Thank you for your interest in Merriman Curhan Ford. With me today are the CEO, Jon Merriman and the Chief Financial Officer, Peter Coleman. Mr. Merriman and Mr. Coleman are going to discuss the company's financial results for the second quarter, ended June 30, 2008. At the conclusion of the prepared remarks, we'll open the conference for questions.
In compliance with SEC requirements, I must read the following statement. Except for historical information, the matters discussed in the conference call are forward-looking statements that are subject to certain risks and uncertainties that could cause actual results to differ materially from those set forth in the forward-looking statements.
The factors that could cause results to differ materially are included in the company's filings with the Securities and Exchange Commission. Forward-looking statements made during today's call are only made as of the date of this conference call and the company undertakes no obligation to publicly update such forward-looking statements to reflect subsequent events or circumstances.
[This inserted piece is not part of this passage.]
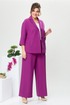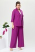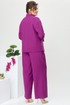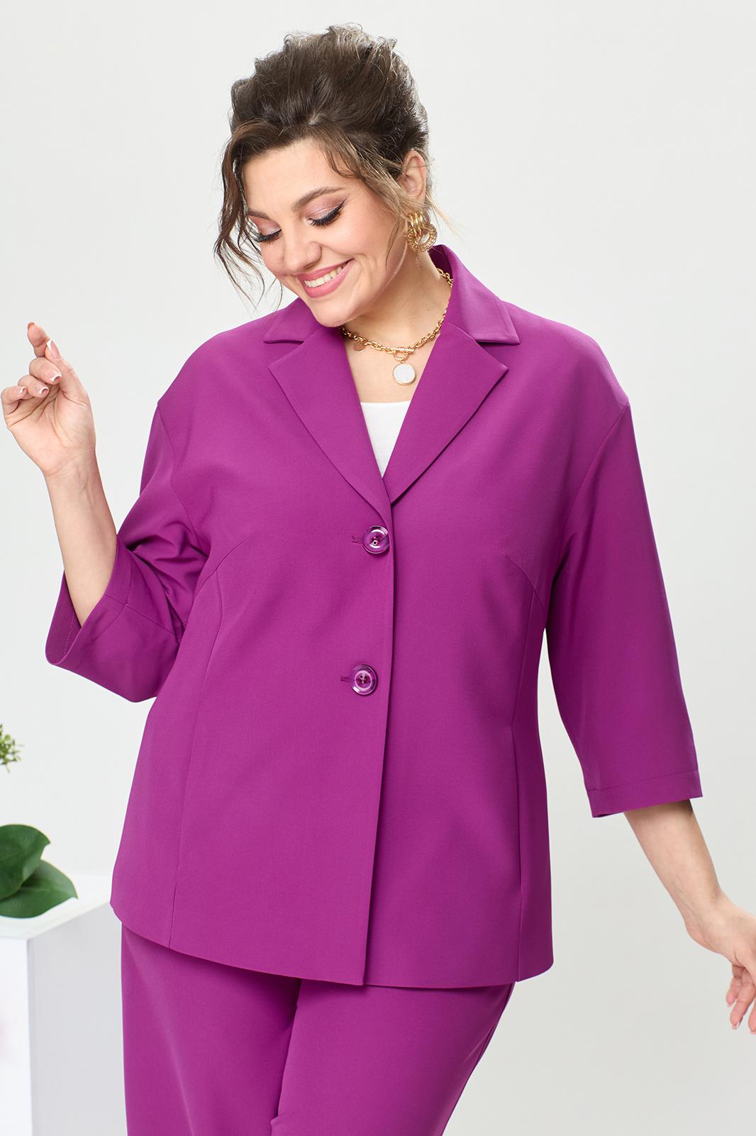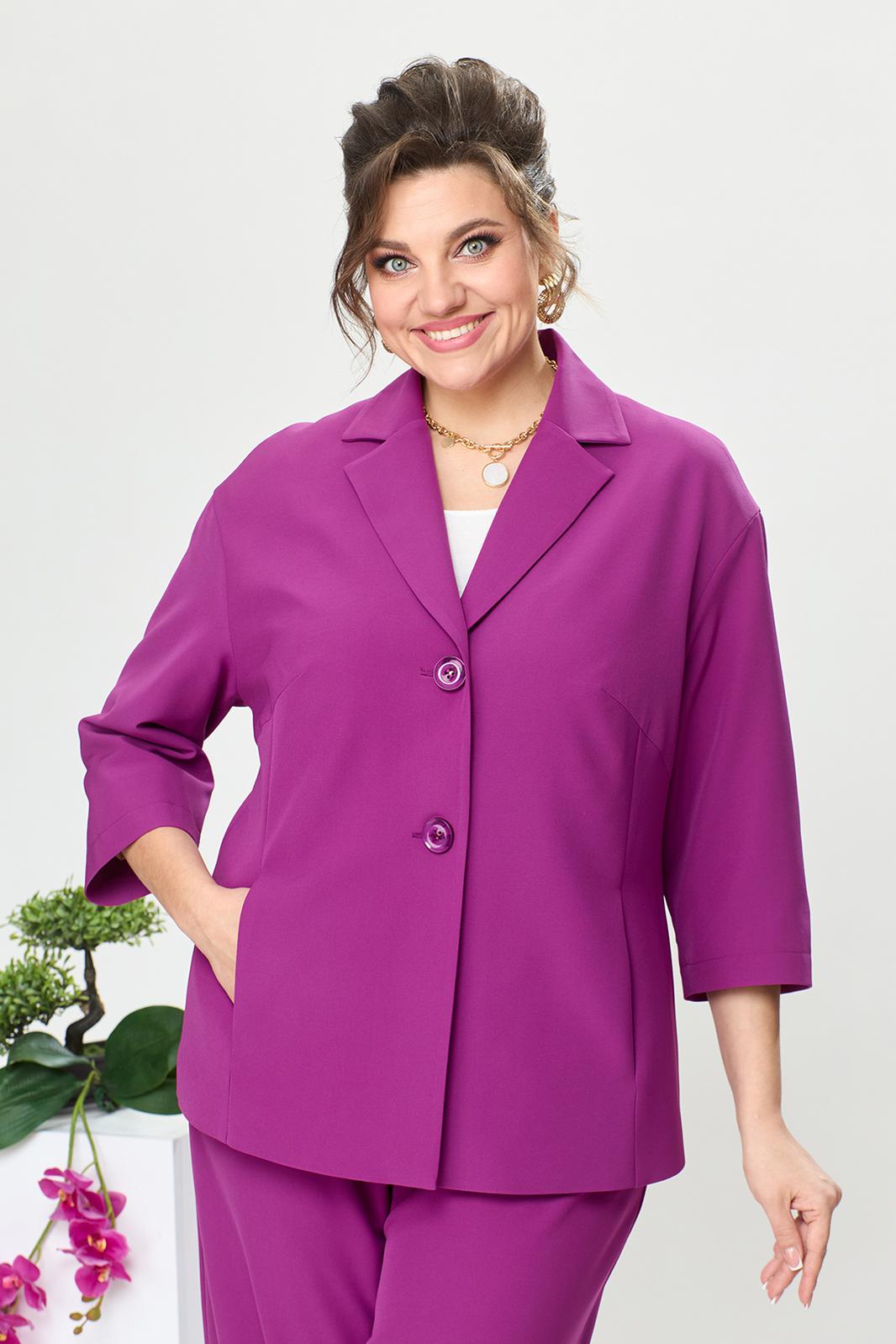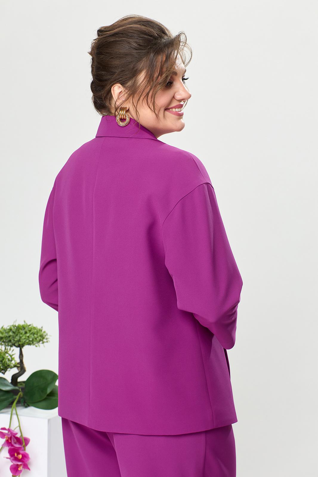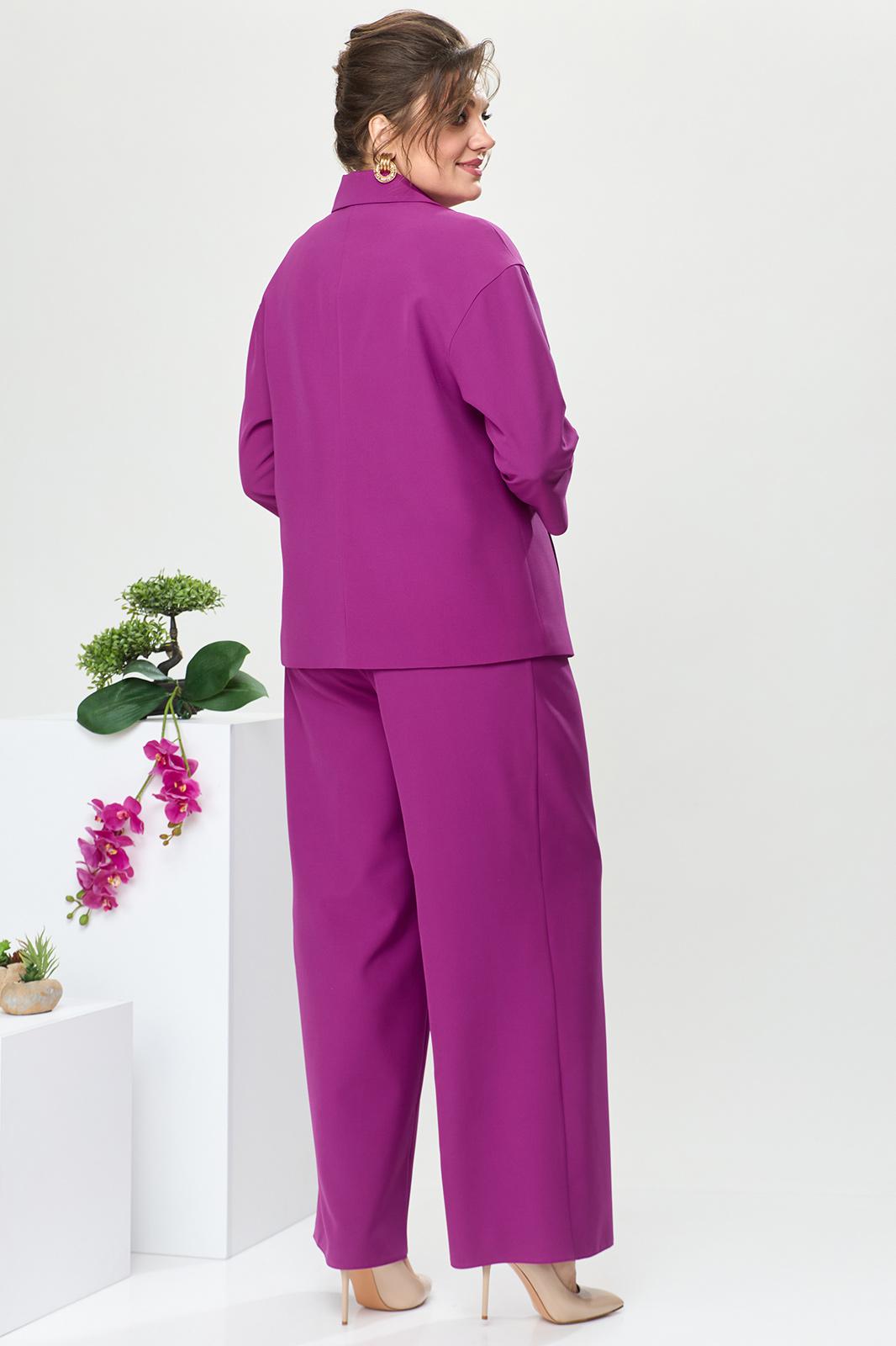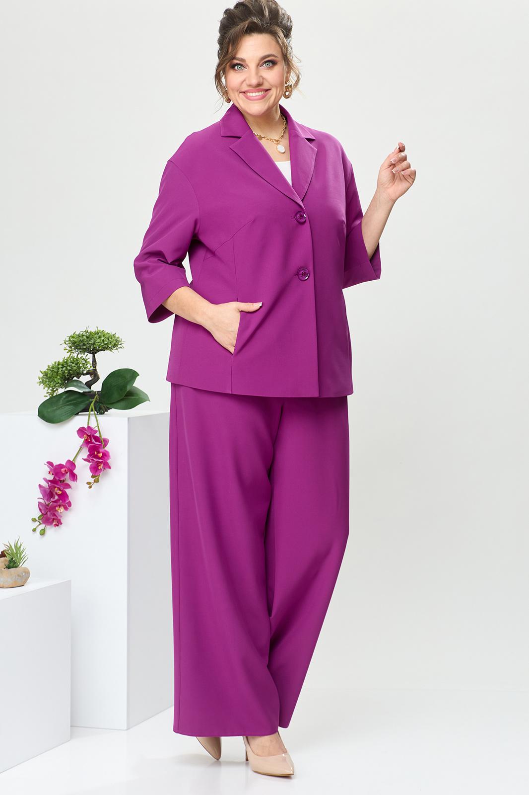 Костюм женский, предназначен для повседневной носки. Костюм женский2-х предметный жакет и брюки. Жакет женский прямого силуэта. Перед с 2-мя нагрудными вытачками с 2-мя отрезными бочками, в швах соединения бочков к переду обработаны карманы. Спинка со средним швом. Горловина с V-образным вырезом с втачным воротником пиджачного типа с отложным лацканом. Застёжка центральная бортовая на 2-е обмётанные петли и 2-е пришивные пуговицы. Жакет со спущенным плечом. Рукав втачной, одно шовный, Жакет на притачной подкладке. Жакет без плечевых накладок. Брюки женские прямые, длинные. Передние половинки без конструктивных особенностей. Задние половинки с таллиевыми вытачками. Брюки с притачным поясом, собранным на эластичную тесьму, закреплённую 2-мя отделочными строчками. Длина спинки жакета 66 см, длина рукава 40 см. Длина брюк по боковому срезу 103 см.

Mr. Coleman, please proceed.
Peter Coleman
Thank you, [Landon]. Thank you, everybody, this morning for taking the time to call into our call. Given that I'm a recovering research analyst, I will spare you the reading of every single number and try to hit some of the highlights that I think will help you better understand our business.
Just jumping right into it, revenues for the quarter were done 22% to 15.8 million. This is primarily driven by reduction in our principal transactions or our proprietary trading business, as well as investment banking. On the principal transaction side, revenues were down 75% on a year-over-year basis; however, the propriety business did put up almost a million and a half gains in the quarter.
This is offset when compared to last year's significant outside gains that we experienced with our points position in 2007. So, principal transactions actually are still relatively healthy for the quarter, just a tough compare.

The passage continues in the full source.